If you are interested in reading more about the project or taking the test, check out the CORE overview page .
2. Methods
2.1 Participants
The analytic sample included N = 4,723 individuals who completed all or part of CORE on cognitivemetrics.com, an openly accessible cognitive testing website. Because the test is free and publicly available and most participants likely encounter it through r/cognitiveTesting, participants are self-selected and likely have a pre-existing interest in IQ or cognitive testing.
Even so, the resulting sample exhibited substantial demographic diversity in age and geographic background.
| Age Group | n | % |
|---|---|---|
| 16-17 | 660 | 13.97% |
| 18-19 | 716 | 15.16% |
| 20-24 | 1379 | 29.19% |
| 25-29 | 854 | 18.09% |
| 30-34 | 443 | 9.39% |
| 35-44 | 483 | 10.22% |
| 45-54 | 125 | 2.64% |
| 55-64 | 46 | 0.97% |
| 65+ | 17 | 0.37% |
Since the test is administered in English, the sample was restricted to individuals residing in English-speaking Anglospheric countries: the United States, Canada, the United Kingdom, Australia, and New Zealand. Within these countries, the dataset still displayed broad geographic diversity. For example, American participants represented all 50 states, as illustrated by the map in Figure 2, indicating that the sample was not drawn from a very narrow population.
Table 2. CORE Sample National Frequencies
| Country | n |
|---|---|
| United States | 3,207 |
| Canada | 564 |
| United Kingdom | 542 |
| Australia | 382 |
| New Zealand | 28 |
Descriptive statistics are provided to further contextualize the sample.
Table 3. Sample Descriptive Statistics
| Statistic | Median | Mean | St. Dev |
|---|---|---|---|
| Age | 23 | 25.31 | 8.84 |
| FSIQ | 123 | 123.49 | 12.41 |
| VCI | 123 | 123.18 | 11.16 |
| FRI | 122 | 121.12 | 12.77 |
| VSI | 118 | 117.94 | 12.84 |
| QRI | 122 | 122.02 | 12.57 |
| WMI | 119 | 118.77 | 18.25 |
| PSI | 117 | 116.71 | 14.50 |
| AG | 14 | 13.58 | 2.23 |
| AN | 14 | 14.29 | 2.00 |
| IN | 14 | 13.87 | 2.54 |
| CO | 15 | 14.58 | 2.39 |
| MR | 13 | 12.87 | 2.96 |
| GM | 14 | 13.78 | 2.62 |
| FW | 14 | 13.82 | 2.09 |
| FS | 14 | 13.76 | 2.62 |
| VP | 14 | 13.64 | 2.69 |
| SA | 12 | 12.32 | 2.85 |
| BC | 13 | 13.27 | 2.50 |
| QK | 14 | 14.06 | 2.59 |
| AR | 13 | 13.70 | 2.41 |
| DLS | 14 | 13.25 | 3.54 |
| DS | 12 | 12.33 | 3.56 |
| CP | 13 | 13.14 | 3.11 |
| SS | 12 | 12.29 | 2.99 |
2.2 Data Preparation
Before model estimation, the data was cleaned and processed.
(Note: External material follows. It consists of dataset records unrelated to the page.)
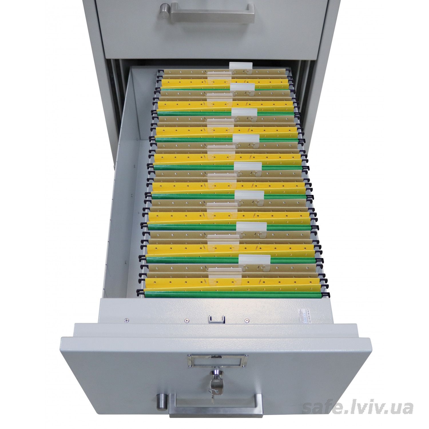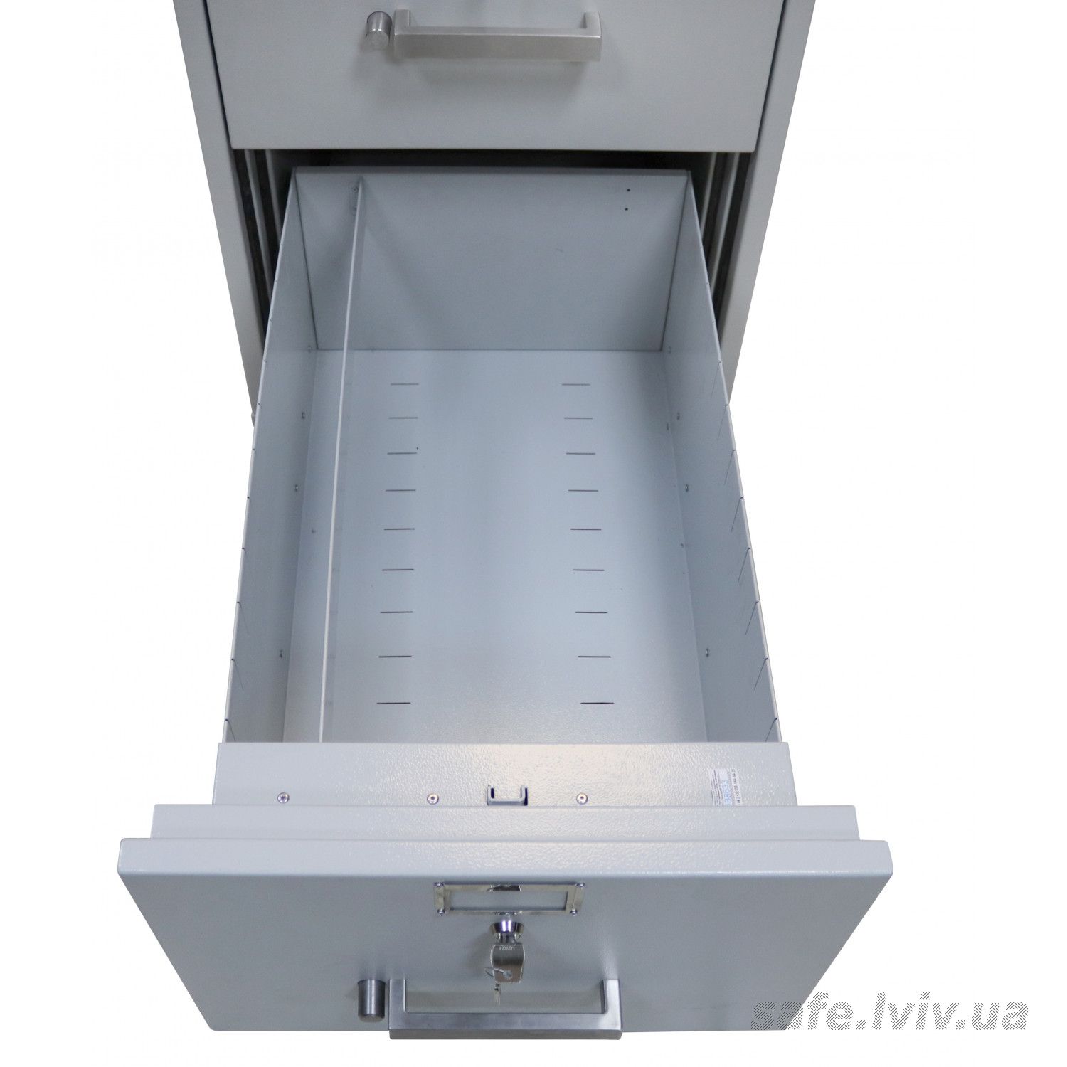 - Внутрішнє оснащення: шухляди під формати A4 та Foolscap; колеса для зручного переміщення.
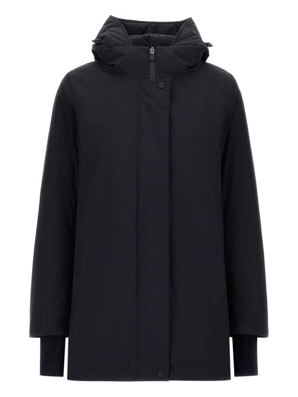 hooded puffer jacket Highlights Imported Composition Outer: Polyester 100%, Polyurethane 100% Lining: Polyamide 100%, Down 80%, Feather 20%
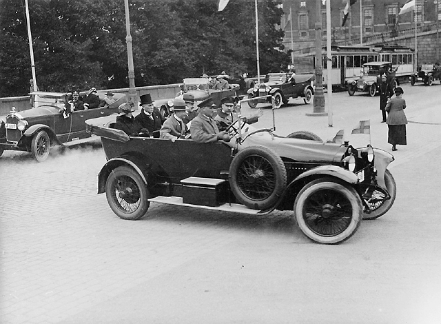 Bilkortègen. I första bilens baksäte generaldirektör Juhlin i

A total of 1,099 unique missing-data patterns were identified across the subtests, which is due to variability in voluntary test-taking (not everyone took every subtest). Furthermore, invalid test attempts (such as instances where participants didn't engage meaningfully with the subtest or appeared to use external aids) were removed. The specific detection methodology will not be described in detail in this report in order to preserve the integrity of the cheating-detection process.
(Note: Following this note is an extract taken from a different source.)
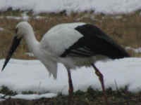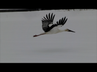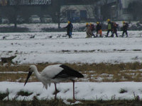 | 雪の田んぼと、えさとりコウノトリ |
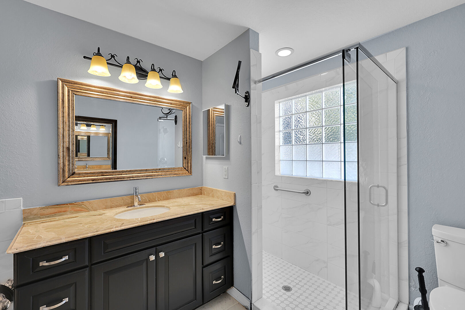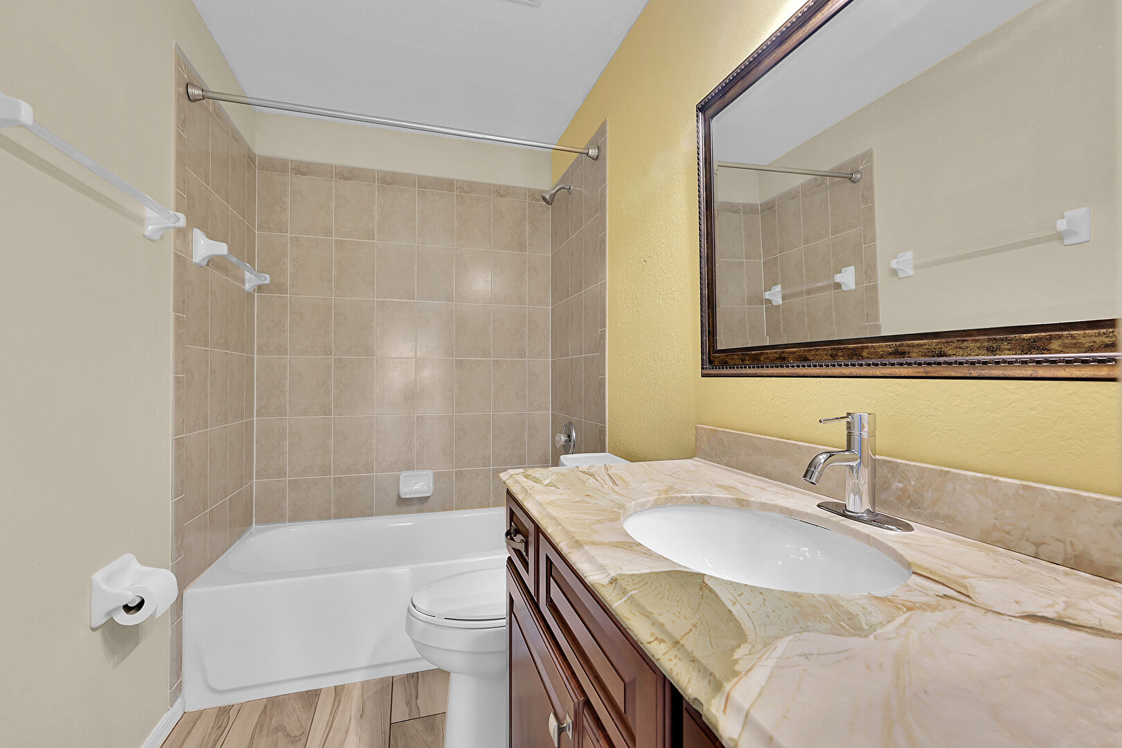 Baseboards Wall, Combined Bath Shower, Drywall, Full Bathroom, Natural Light, Textured Wall, Tile Floor, Vanity, Baseboards Wall, Recessed Lighting, Vanity, Wood Finish Floor

Following data cleaning, missingness was handled by using full-information maximum likelihood (FIML) under the MLR (maximum likelihood with robust standard errors) estimator in lavaan. This uses all available information for each participant and produces unbiased parameter estimates under the assumption that data are missing at random. Subtest distributions were examined for normality and outliers as well.
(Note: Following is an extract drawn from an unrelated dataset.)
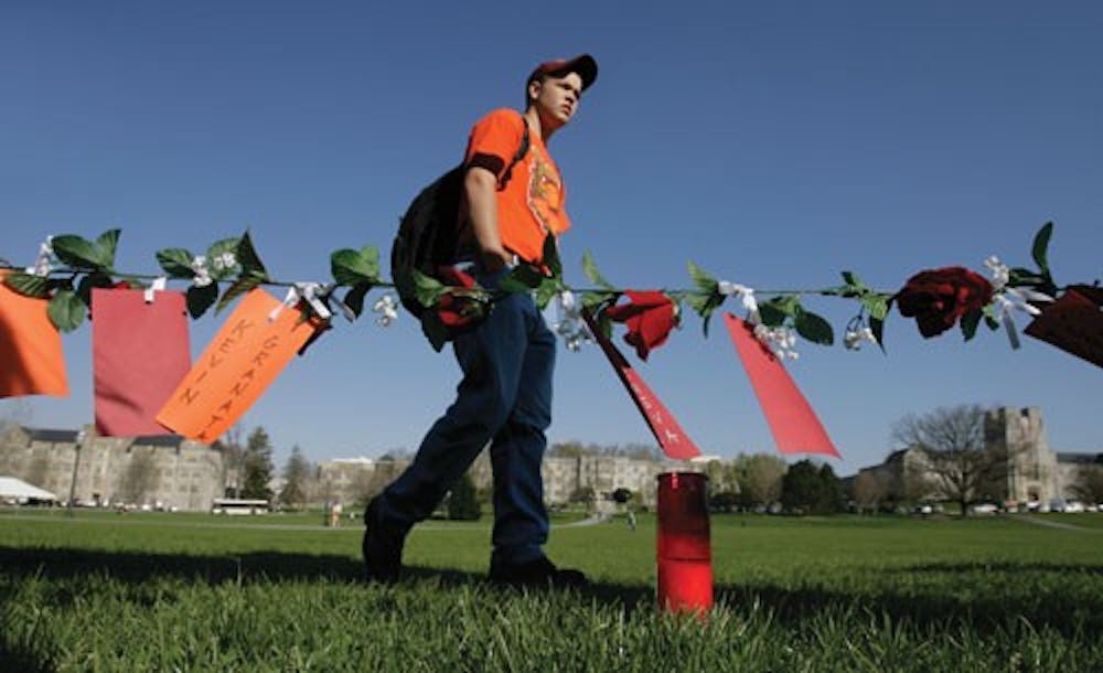 BLACKSBURG, Va. – Virginia Tech students somberly returned to campus Monday, pausing for a moment of silence to remember the classmates murdered a week ago in a gunman’s rampage.\nStudents and faculty gathered about 7:10 a.m. near the dormitory where the first victims, Ryan Clark and Emily Hilscher, were killed. They also gathered on the main campus lawn and held several impromptu memorials as the smell of scented candles filled the morning air.\nIn front of the dorm, a small marching band from Alabama played “America the Beautiful” and carried a banner that read, “Alabama loves VT Hokies. Be strong, press on.”\nBy the time the moment concluded, more than 100 people had gathered to remember the dead. Afterward, a group of students and campus ministers brought 33 white prayer flags – one for each of the dead, including the gunman, Seung-Hui Cho – from the dorm to the school’s War Memorial Chapel. They placed the flags in front of the campus landmark and adorned them with pastel-colored ribbons.\n“You could choose to either be sad, or cheer up a little and continue the regular routine,” said student Juan Carlos Ugarte, 22. “Right now, I think all of us need to cheer up.”\nUgarte, a senior from Bolivia, wrote a message on a yellow ribbon for one of the victims, Reema Samaha. “God will forever be with you. I will always pray for you, and remember.”\nAt 9:45 a.m. – the time of the second shooting – the university planned a moment of silence, with a single bell tolling from the tower of the main administration building. A minute later, the bell will toll 32 times – once for each of Cho’s victims – as 32 white balloons are released from the field below.\nClasses were to resume Monday, one week after Cho killed himself after his murderous rampage.\nUniversity officials were not sure how many students planned to be back Monday. Virginia Tech is allowing students to drop classes without penalty or to accept their current grades if they want to spend the rest of the year at their parents’ homes grieving last week’s campus massacre.\nBut whatever decisions they make academically, many students say they will do their mourning on campus – and that they can’t imagine staying away now.\n“I want to go back to class just to be with the other students. If you just left without going back to classes, you would just go home and keep thinking about it,” said Ryanne Floyd, who returned to campus after spending most of last week with her family and avoiding news coverage of the tragedy. “At least here, being with other students, we can get some kind of closure.”
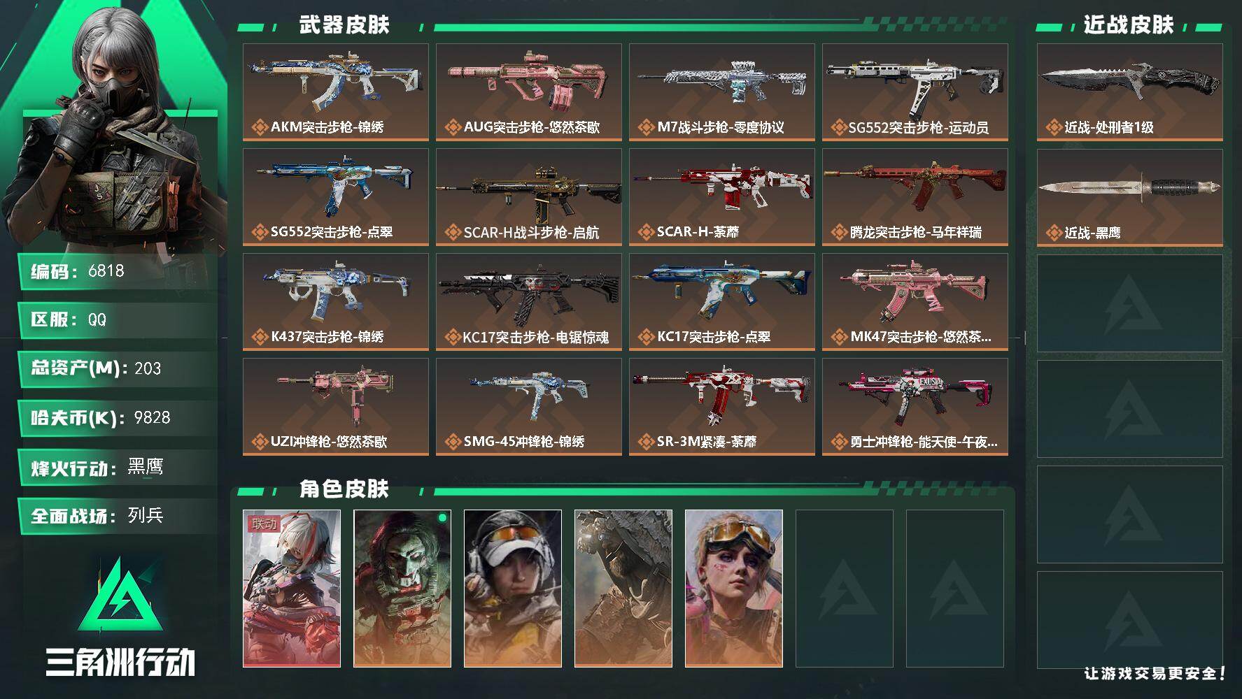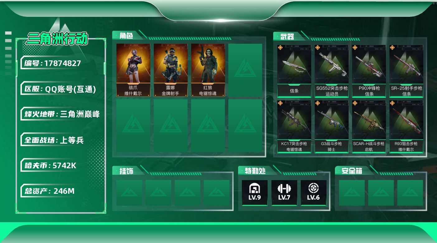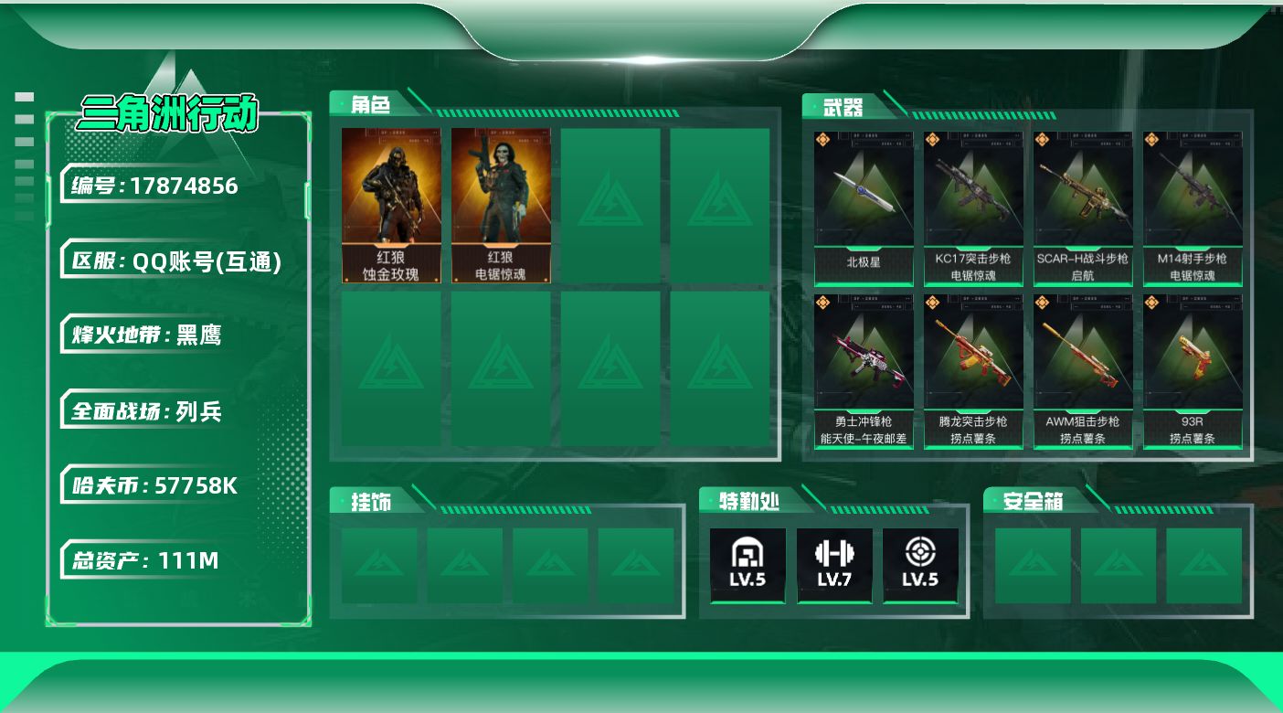 总资产:149.7M 3干员外观 2近战传说 35传说枪械 哈夫币:55.655 不可修改实名 顶级安全箱4.15到期

3. Evidence of Reliability
Table 4. CORE Subtest Reliability Coefficients
| Subtest | Conditional* | Cronbach's α | Split-half | Test-retest | Cronbach's αrr | Split-halfrr | Test-retestrr |
|---|---|---|---|---|---|---|---|
| AG | 0.8121 | 0.7398 | 0.7420 | 0.8227 | 0.8244 | ||
| AN | 0.9170 | 0.8438 | 0.8543 | 0.9231 | 0.9289 | ||
| IN | 0.8664 | 0.8228 | 0.8335 | 0.8564 | 0.8656 | ||
| CO | 0.8496 | 0.8681 | 0.8962 | 0.8975 | 0.9202 | ||
| MR | 0.8221 | 0.7563 | 0.7691 | 0.7621 | 0.7747 | ||
| GM | 0.8721 | 0.8054 | 0.8148 | 0.8378 | 0.8461 | ||
| FW | 0.8840 | 0.7881 | 0.8133 | 0.8746 | 0.8916 | ||
| FS | 0.8224 | 0.7621 | 0.7716 | 0.8043 | 0.8127 | ||
| VP | 0.8774 | 0.7739 | 0.7809 | 0.8047 | 0.8111 | ||
| SA | 0.8037 | 0.7466 | 0.7625 | 0.7646 | 0.7798 | ||
| BC | 0.8634 | 0.8179 | 0.8645 | 0.8642 | 0.9011 | ||
| QK | 0.8421 | 0.7960 | 0.8444 | 0.8358 | 0.8769 | ||
| AR | 0.8403 | 0.7790 | 0.7859 | 0.8426 | 0.8481 | ||
| DLS | 0.7456 | 0.7456 | |||||
| DS | 0.8277 | 0.8277 | |||||
| CP | 0.7565 | 0.7590 | |||||
| SS | 0.7043 | 0.7272 |
*: IRT conditional reliability at the 10ss ability level.
rr: corrected for indirect range restriction using Thorndike's formula.
Multiple indices of reliability were used to examine CORE subtests and composites, including IRT-based conditional reliability, Cronbach's α internal consistency, split-half reliability, and test-retest reliability (where applicable). Because the sample is a high-ability sample (mean FSIQ = 123.49), conventional reliability estimates are expected to be biased downward due to range restriction. For this reason, we recommend referring to IRT Conditional Reliability at the 10ss ability level as it is a metric most directly comparable to reliability coefficients reported by professional tests.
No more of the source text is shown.